How to stay well and recover faster
As we turn the calendar page to a brand-new year with all our hopes and good intentions, we’re facing another less celebratory fact: It’s officially the peak of U.S. influenza season, which runs from December to February. Oh, joy.
Just thinking about getting sick is enough to want to seal yourself and your family in a protective bubble. If only it were that easy.
The flu virus is primarily spread by airborne droplets from as far as 6 feet away when an infected person coughs, sneezes or even just talks. Droplets can then infect others when they land on their nose or mouth.
Contamination is also possible if you touch a surface where those virus droplets have settled and then touch your face, rub your itching nose or do anything else that introduces the droplets to your own mucous membranes.
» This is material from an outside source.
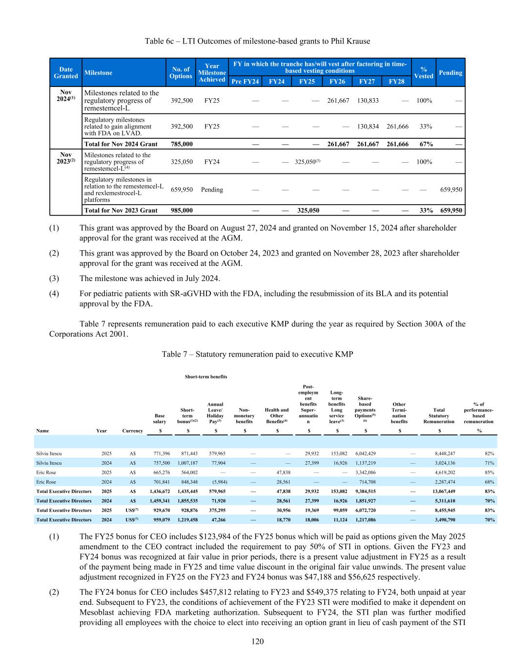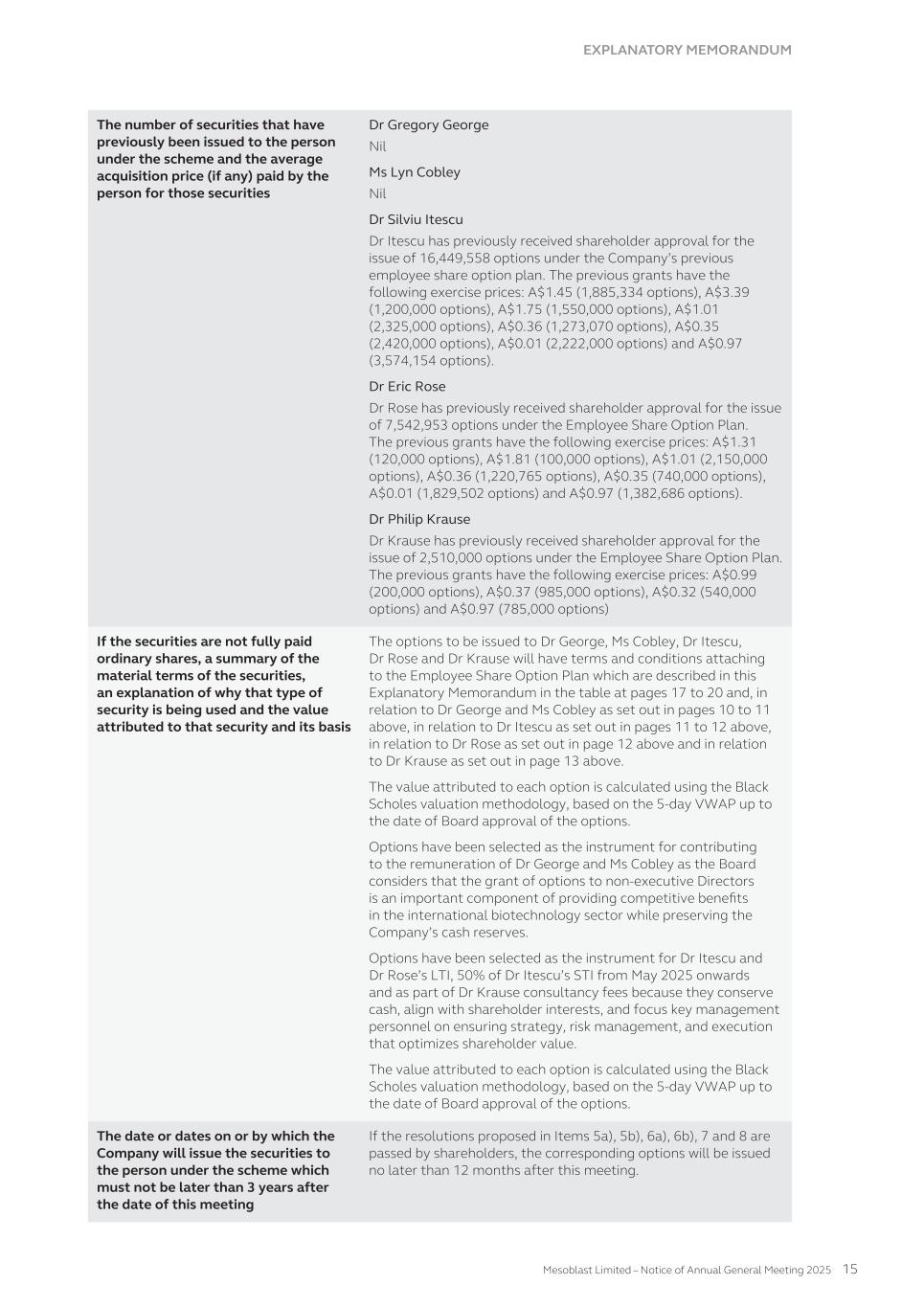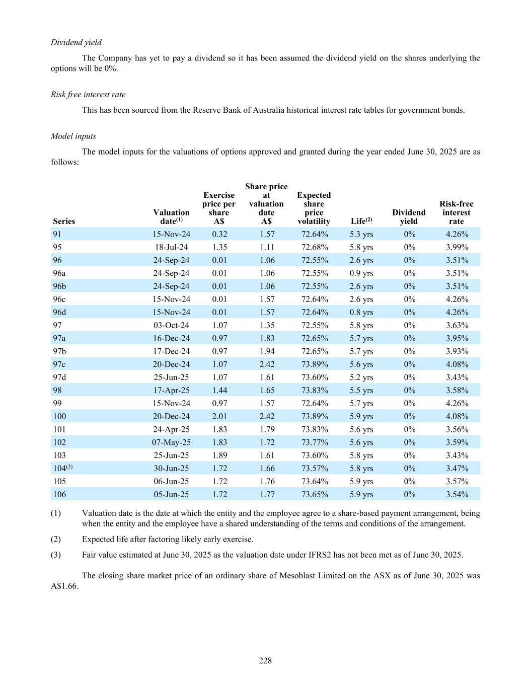 Dividend yield The Company has yet to pay a dividend so it has been assumed the dividend yield on the shares underlying the options will be 0%. Risk free interest rate This has been sourced from the Reserve Bank of Australia historical interest rate tables for government bonds. Model inputs The model inputs for the valuations of options approved and granted during the year ended June 30, 2025 are as follows: Series Valuation date(1) Exercise price per share A$ Share price at valuation date A$ Expected share price volatility Life(2) Dividend yield Risk-free interest rate 91 15-Nov-24 0.32 1.57 72.64% 5.3 yrs 0% 4.26% 95 18-Jul-24 1.35 1.11 72.68% 5.8 yrs 0% 3.99% 96 24-Sep-24 0.01 1.06 72.55% 2.6 yrs 0% 3.51% 96a 24-Sep-24 0.01 1.06 72.55% 0.9 yrs 0% 3.51% 96b 24-Sep-24 0.01 1.06 72.55% 2.6 yrs 0% 3.51% 96c 15-Nov-24 0.01 1.57 72.64% 2.6 yrs 0% 4.26% 96d 15-Nov-24 0.01 1.57 72.64% 0.8 yrs 0% 4.26% 97 03-Oct-24 1.07 1.35 72.55% 5.8 yrs 0% 3.63% 97a 16-Dec-24 0.97 1.83 72.65% 5.7 yrs 0% 3.95% 97b 17-Dec-24 0.97 1.94 72.65% 5.7 yrs 0% 3.93% 97c 20-Dec-24 1.07 2.42 73.89% 5.6 yrs 0% 4.08% 97d 25-Jun-25 1.07 1.61 73.60% 5.2 yrs 0% 3.43% 98 17-Apr-25 1.44 1.65 73.83% 5.5 yrs 0% 3.58% 99 15-Nov-24 0.97 1.57 72.64% 5.7 yrs 0% 4.26% 100 20-Dec-24 2.01 2.42 73.89% 5.9 yrs 0% 4.08% 101 24-Apr-25 1.83 1.79 73.83% 5.6 yrs 0% 3.56% 102 07-May-25 1.83 1.72 73.77% 5.6 yrs 0% 3.59% 103 25-Jun-25 1.89 1.61 73.60% 5.8 yrs 0% 3.43% 104(3) 30-Jun-25 1.72 1.66 73.57% 5.8 yrs 0% 3.47% 105 06-Jun-25 1.72 1.76 73.64% 5.9 yrs 0% 3.57% 106 05-Jun-25 1.72 1.77 73.65% 5.9 yrs 0% 3.54% (1) Valuation date is the date at which the entity and the employee agree to a share-based payment arrangement, being when the entity and the employee have a shared understanding of the terms and conditions of the arrangement. (2) Expected life after factoring likely early exercise. (3) Fair value estimated at June 30, 2025 as the valuation date under IFRS2 has not been met as of June 30, 2025. The closing share market price of an ordinary share of Mesoblast Limited on the ASX as of June 30, 2025 was A$1.66. 228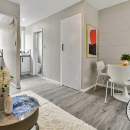 The spacious bedroom provides a peaceful retreat, complete with generous wardrobe space, while the fully renovated bathroom showcases elegant finishes and a clean, modern design.

You might wait for the next elevator rather than board with someone sneezing and sniffling—and that’s a smart move—but unfortunately, a person infected with the flu virus can be contagious the day before they start showing symptoms. Some people can even be infected but have no symptoms, so they can still unwittingly spread the virus to others.
The flu virus is most contagious in the first three to four days after a person becomes sick, but an infected person can spread the virus for five to 10 days after sickness starts.
You’ve got multiple symptoms. What now?
“Don’t ignore symptoms. The sooner you get treatment, the better off you—and those around you—will be,” says Todd Panzer, APRN-C, of Ocala Family Medical Center. “You have 48 hours from the onset of symptoms to start antiviral medication, so you should be seen immediately when you start feeling symptoms.”
If it is the flu, you’re highly contagious at this point, so do everyone in the waiting room a favor and wear a paper mask to your doctor’s appointment. (If you don’t have one on hand, tell the staff as soon as you arrive that you suspect you have the flu, and they’ll give you a mask.)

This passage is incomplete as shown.